Be Careful on Federal Contracts

When the Great Recession hit and work dried up, many contractors went scrambling into the federal project market to fill their backlogs. Many of those contractors found out how different and challenging federal contracting can be. The paperwork can be daunting, the guidelines rigid and the expectations vary by office. Many contractors who were not familiar with federal work and jumped in, lost large amounts of money on these projects. Even if work becomes less plentiful, contractors should really evaluate whether getting into this space makes sense. 

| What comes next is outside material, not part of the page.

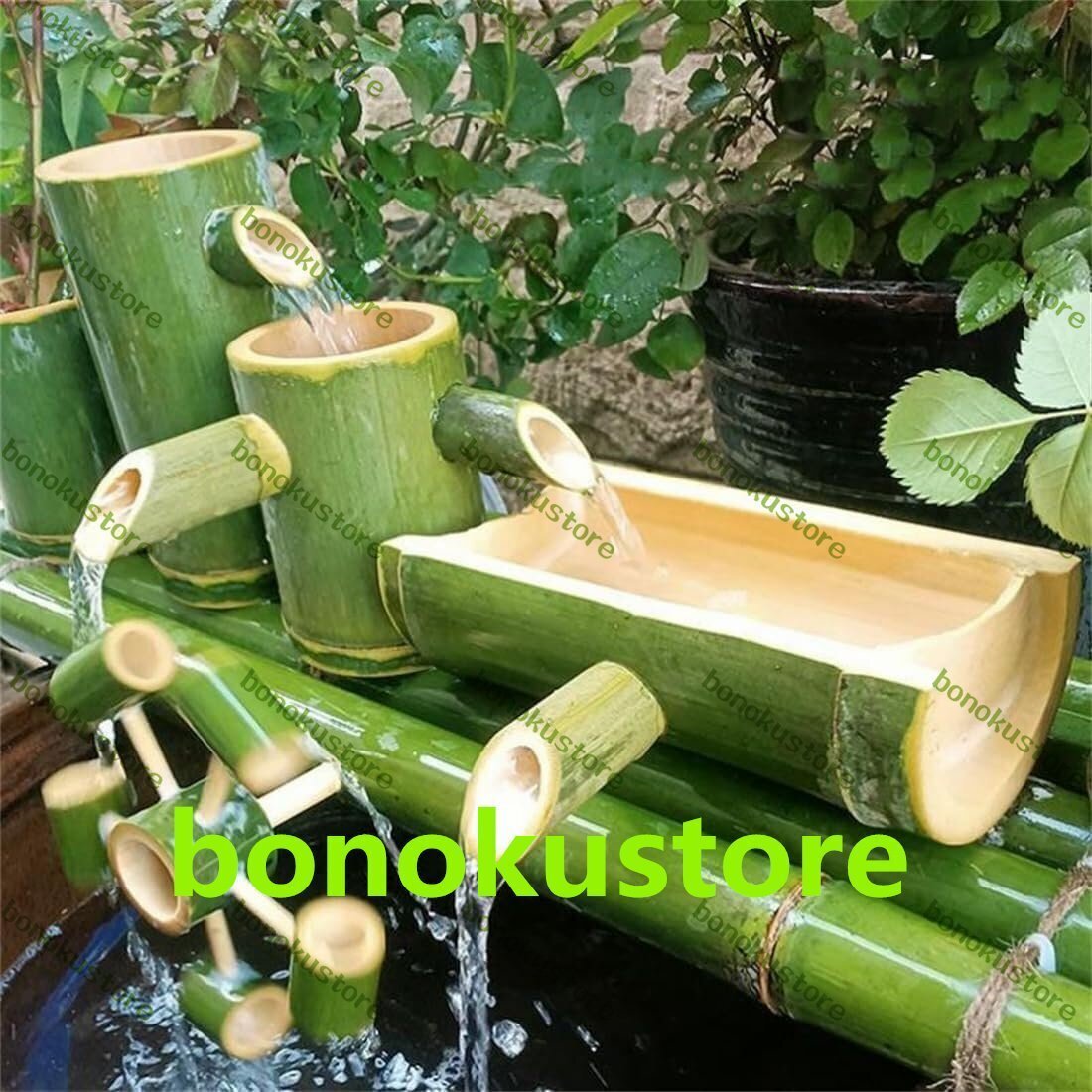 水道管の上部と下部は熟練した職人が手作業で接続しているので、折れたり落ちたりする心配がありません。 竹で手作りされています。天然の原材料を使用しているため、竹の表面は約 15 日でわずかに黄色に変わりますが、これは正常です。 この像は、リビングルーム、寝室、ダイ

Watch Your Revolving Debt 

Revolving lines of credit are important to contractors and surety bond companies alike. Having the ability to finance cash shortfalls can be critical while a contractor is waiting to get paid. Unfortunately, many lines of credit have a “demand clause” in them. A demand clause means the lender can call the line of credit at any time and the contractor will need to pay this back. 

Most contractors feel that their lender would never do this, but The Great Recession showed the opposite. Many lenders got into trouble of their own, were purchased, or taken over by the FDIC. When this happened, lenders called lines of credit from contractors that needed the borrowing the most. Contractors may want to consider converting some revolving debt into a term loan that cannot be called as easily. 

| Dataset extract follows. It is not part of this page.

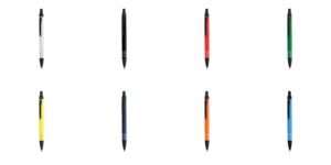 De mecanismo de botão, com acessórios em cor negra e anéis em prata. De cartucho jumbo e em tinta azul. Distintivo de Alumínio Reciclado na parte superior.

Carefully Scrutinize Contingent Payment Clauses 

The validity of pay-if-paid, and pay-when-pay varies by states. Pay-when-paid assumes that a contractor will be paid at some point. However, waiting on payment can certainly cause cash flow problems and take a contractor out of business. 

Pay-if-paid pushes all the financial risk to the contractor. When the Great Recession hit, many contractors were under Pay-If-Paid contracts. In one famous example, the lender pulled the financing on the development and the project developed problems. Even though the General Contractor on the project had a Payment Bond in place, they were able to get out of paying subcontractors because of a Pay-if-Paid clause in the contract. The court sided with the General Contractor and Surety Bond Company because the General Contractor had not been paid for the work by the Owner.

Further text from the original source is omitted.